Consolidation pressure
Within the supermarket channel, internal consolidation
forces are taking their toll on the scope of things. “Larger chains
are absorbing smaller chains and by doing that, they’re trying to
standardize what they’re doing, but at the same time, they have to
understand they have to differentiate,” says Anthony Raissen,
president of marketing consulting company InterQuantum, LLC, based in
Encino, Calif. “Part of the problem is that the buyers are just
overwhelmed by the choices they face on a daily basis,” adds Raissen.
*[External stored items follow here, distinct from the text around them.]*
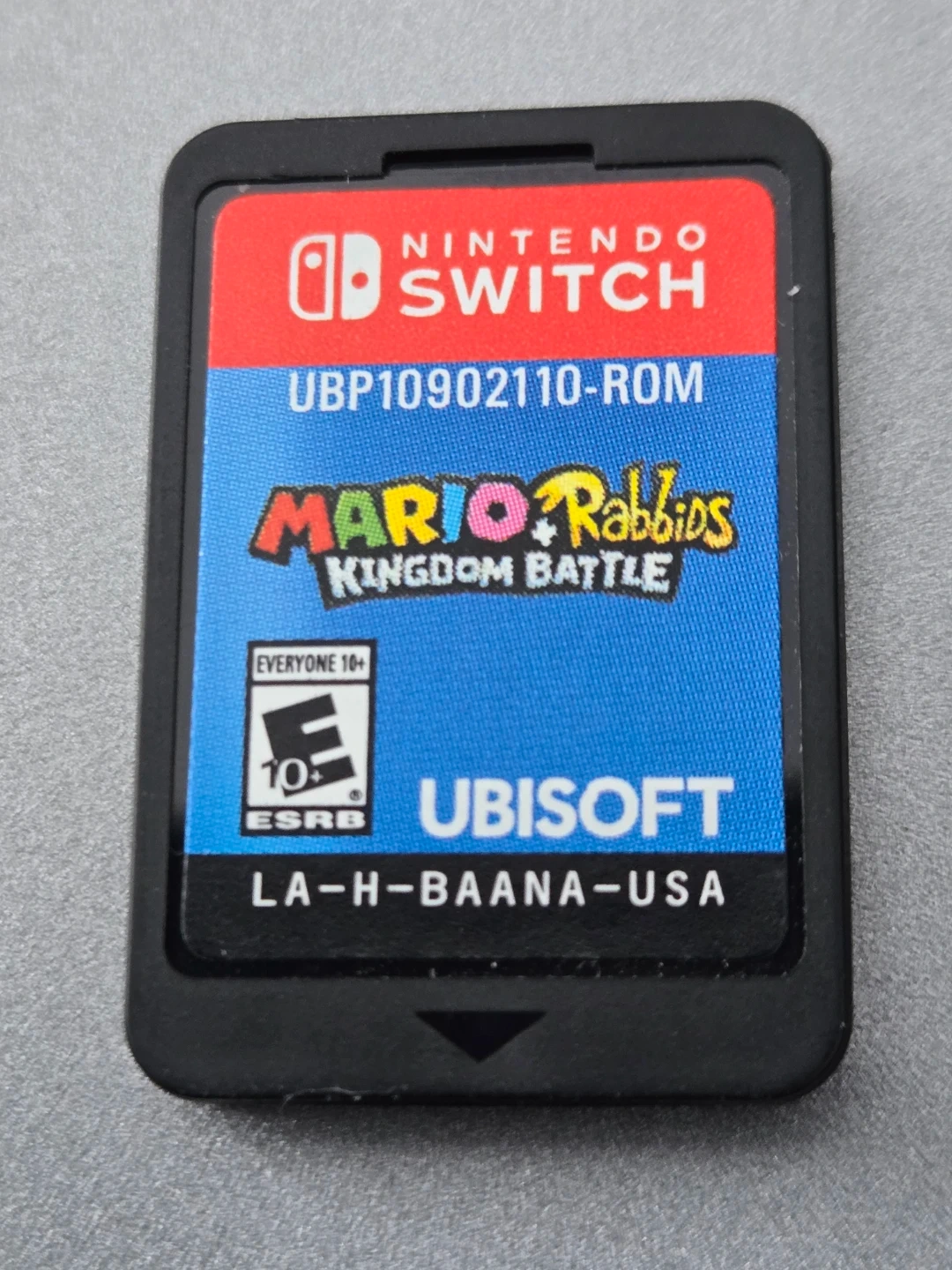 Selling Mario + Rabbids Kingdom Battle for the Nintendo Switch! This game is rated E for Everyone 10+ and is published by Ubisoft. It's a fun strategy adventure for all ages!
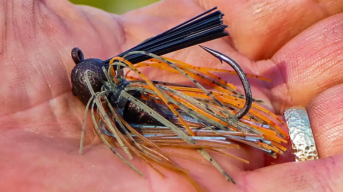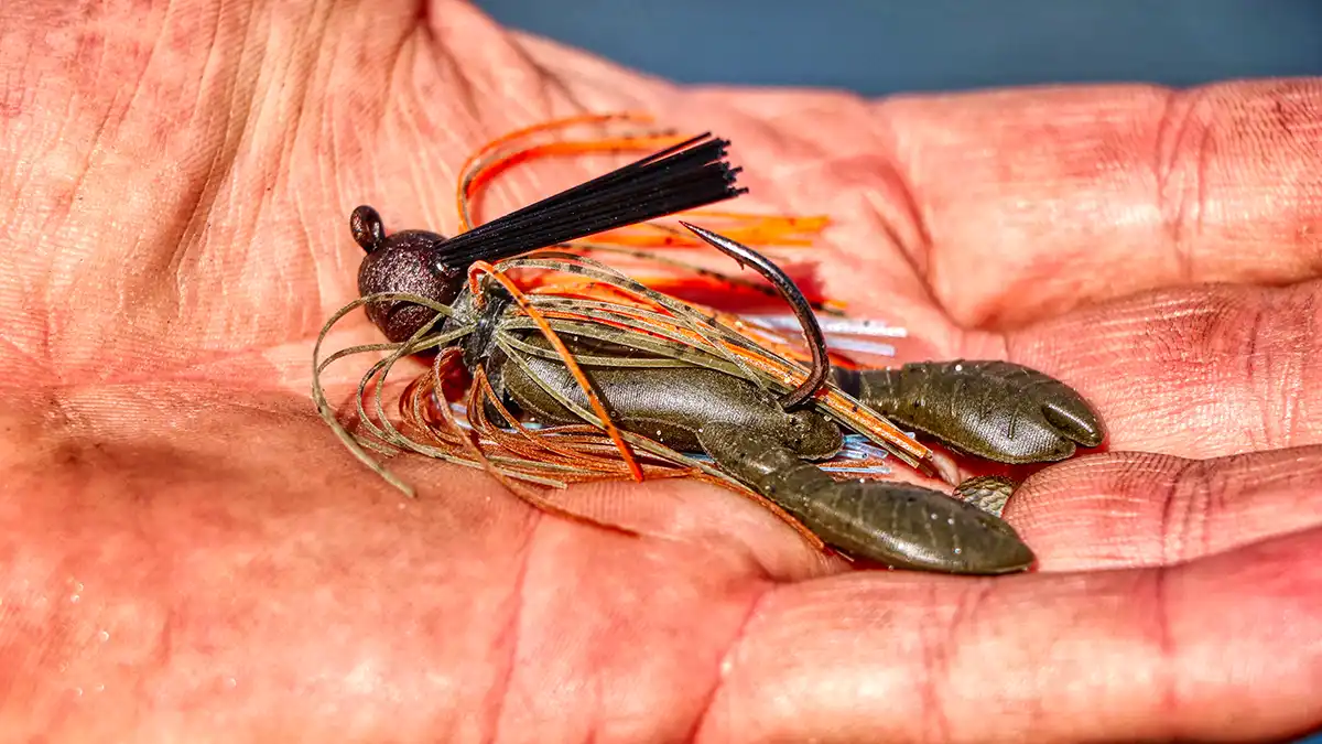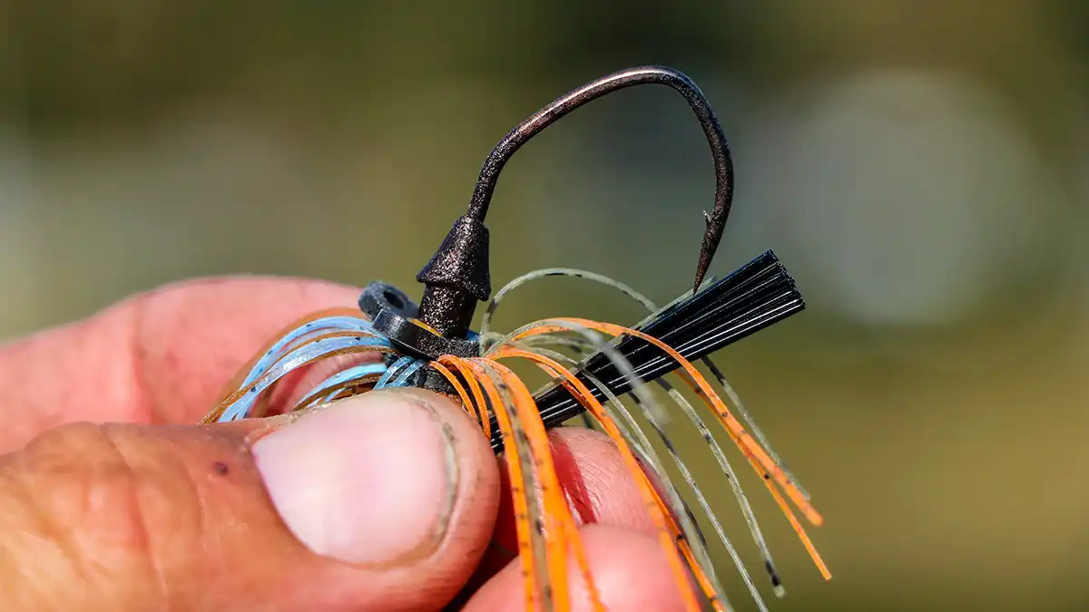 Jewel used their signature Pro Spider Jig head design with this bait. It’s almost a round head, with an upturned eye to help the bait come through rocky terrain and over cover. There’s what I would call a mid-size and mid-strength weedguard molded into the head of the bait, with about 20 bristles that are soft enough to allow for a light hookset but stiff enough to keep the hook from prematurely punching into anything, like cover.
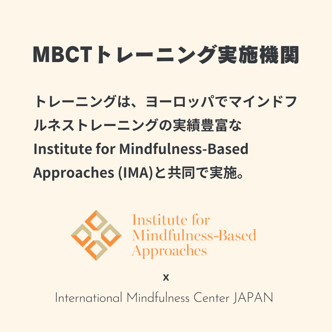 インターナショナルマインドフルネスセンタージャパン(International Mindfulness Center JAPAN: IMCJ 代表:井上清子)は、日本におけるマインドフルネス普及のために設立され、マインドフルネスに関連する学術関係者、医療関係者、マインドフルネス講師等による相互交流を目的として活動しています。その活動の一環として、ヨーロッパで古くからマインドフルネスを研究をしているIMAと提携し、MBSR(マインドフルネスストレス低減法)、MBCT(マインドフルネス認知療法)、MBCL(マインドフルネスに基づくコンパッションのトレーニング)始めとした8週間コース、MBSRの講師養成講座を開講しています(2022年10月時点で1期が終了、2、3期が開講中)。また、マインドフルネスおよびコンパッションの指導に関わる方が、世界中で活躍する様々な専門家、臨床家、研究者からマインドフルネスについて学び、自身の実践を深めるための、オンラインスタディグループ、マインドフルネスを日常生活に落とし込む習慣化コースも開講しています。
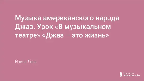 Цель урока: сформировать представление у учащихся о многогранности творчества американской культуры, познакомить с афро-американским фольклором «Джазом» - основой американской оперы, используя популярные джазовые хитами, развивать интерес к этой музыке.
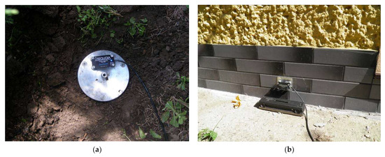 Figure 6. View on measuring points: (a) No. VII in soil, (b) No. I—situated on the outer wall of the building. - On the load-bearing wall at ground level (inside the building, from the side of the vibration source)—measuring points No. II and VIII;
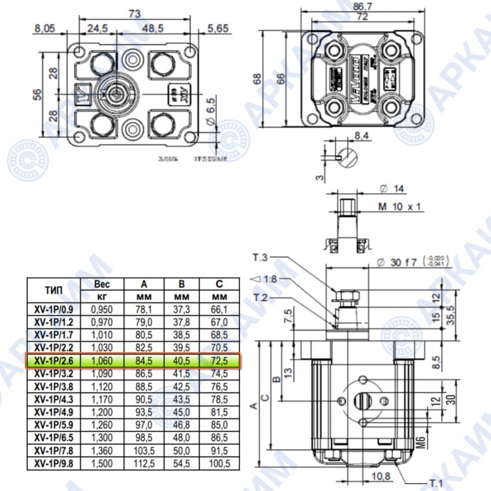 Гидронасос Vivoil X1P2111GIIA (XV-1P/2,6) 1 гр, 2,6 см3, до 15,6 л/мин, Ø14 M6, левое вращение
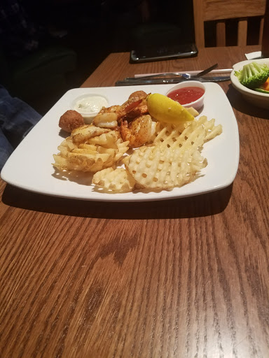 The restaurant was fairly crowded for a weekday yet the service was relatively quick. The fried calamari appetizer was delicate, not overly breaded. The crab bisque had surprisingly little actual crab meat even though them menu touted two kinds of crab used. The fish and chips were light and airy with waffle fries, a nice change from the standard issue fries.
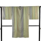 美品 道行 身丈85.5cm 裄丈68cm L 和装コート 角衿 落款あり 縞 地紋 灰緑 正絹 秀品 中古
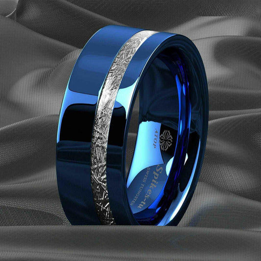 SAVE 57%Blue Silver Inlay Tungsten Ring 8mm
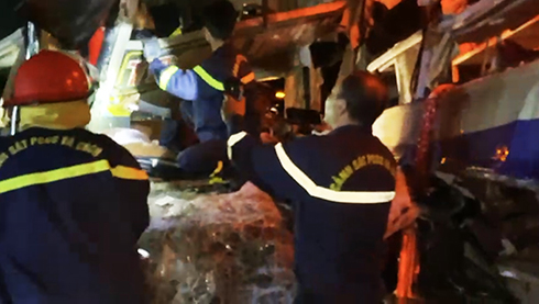 Lực lượng chức năng tiếp cận hiện trường giải cứu tài xế và lái phụ bị kẹt trong cabin
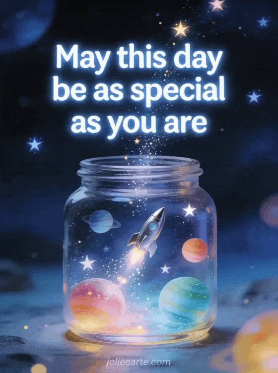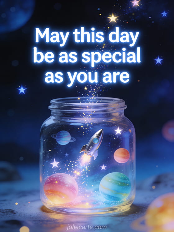 Send a dreamy birthday text for your grandson with a glass jar holding a tiny universe of colorful planets, sparkling stars and a little rocket. Discover also a happy birthday my beloved grandson, a winter sales 2022 Auchan or a birthday text for my grandson.
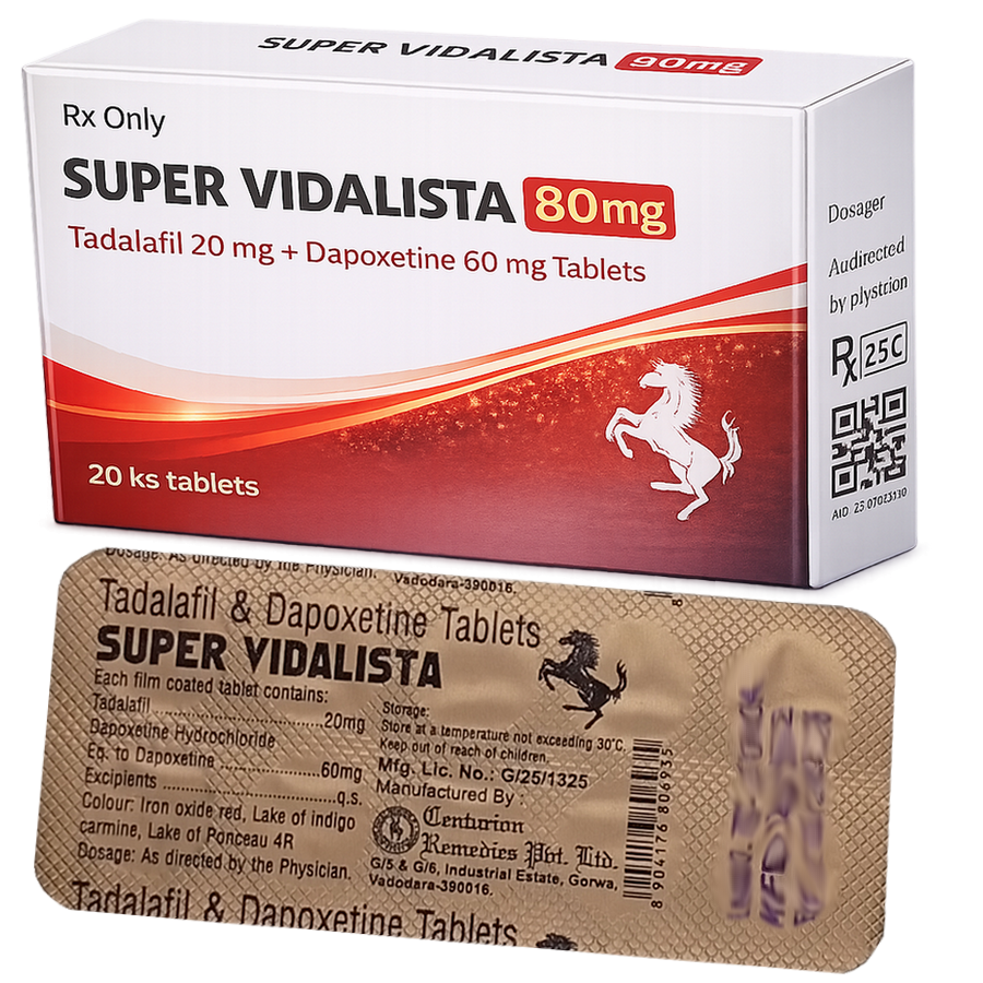 Účinné Látky: Jedna tableta Super Vidalista 80mg obsahuje 20mg Tadalafil a 60mg Dapoxetine.

“They know on the one hand they have to be innovative, but at the
same time, there’s a risk the product won’t move, and they
won’t get their return on a peg or linear basis.”
The meals of change
Meanwhile, the consumer isn’t waiting around to
witness the outcome. As one grocery store closes and/or consolidates, there
are 10 other retailers (and restaurants) down the road ready to satisfy a
consumer’s specific meal needs — which, by the way, are rapidly
changing.
It’s not about ingredients anymore, it’s
about meal solutions. “While supermarkets struggle to come up with a
different focus, they have to realize we’re seeing a different
supermarket consumer — she’s looking more like a European
consumer these days,” says Dell. “Not every consumer, but many,
are buying daily for what they need tonight. They go to a hypermarket
(supercenter) or club store to pantry-load on the weekend, but during the
week, they’re filling in. Four to six o’clock is the highest
volume time in a supermarket today, Monday to Friday.”
Wal-Mart and the middle
But the change doesn’t end there for the
industry. “The grocery channel is really in trouble in the middle of
the store,” says Barry Seifer, principal of strategy for Cubellis
Marco Retail Design, Northville, Mich. “The center of the grocery
store, the true grocery section, is a shrinking business, and the reason
for that is one hyphenated word — Wal-Mart.” According to
Seifer, “no one can out-cheap Wal-Mart,” and so the consequence
of a Wal-Mart supercenter opening in a supermarket’s trading area
“is typically about a 30 percent hit at the grocery section, the
center.”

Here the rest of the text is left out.